━━━ RECORDED DATA

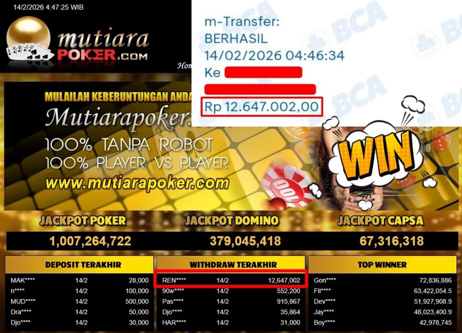 Bukti Withdraw ( 12.647.002,-) Member Setia Mutiarapoker
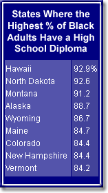 The census statistics show that more than 90 percent of all blacks in Hawaii, North Dakota, and Montana in 2000 held a high school diploma. Alaska, Wyoming, Maine, Colorado, and New Hampshire also have a high percentage of blacks who have completed high school.
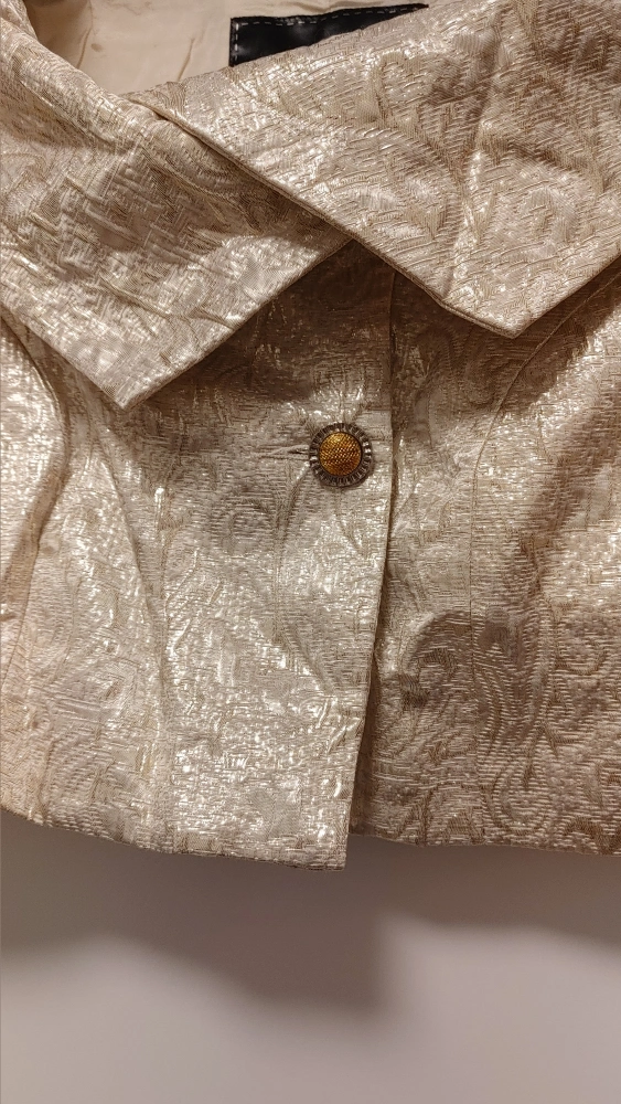 Selling a gold cropped jacket from Wet Seal Collection. It's made of 45% acetate, 41% cotton, and 14% metallic.

━━━━━━

PROBLEM TO SOLVE - Restate the whole listing above exactly, please, omitting every image.

ANSWER TO THE PROBLEM -
 Bukti Withdraw ( 12.647.002,-) Member Setia Mutiarapoker
 The census statistics show that more than 90 percent of all blacks in Hawaii, North Dakota, and Montana in 2000 held a high school diploma. Alaska, Wyoming, Maine, Colorado, and New Hampshire also have a high percentage of blacks who have completed high school.
 Selling a gold cropped jacket from Wet Seal Collection. It's made of 45% acetate, 41% cotton, and 14% metallic.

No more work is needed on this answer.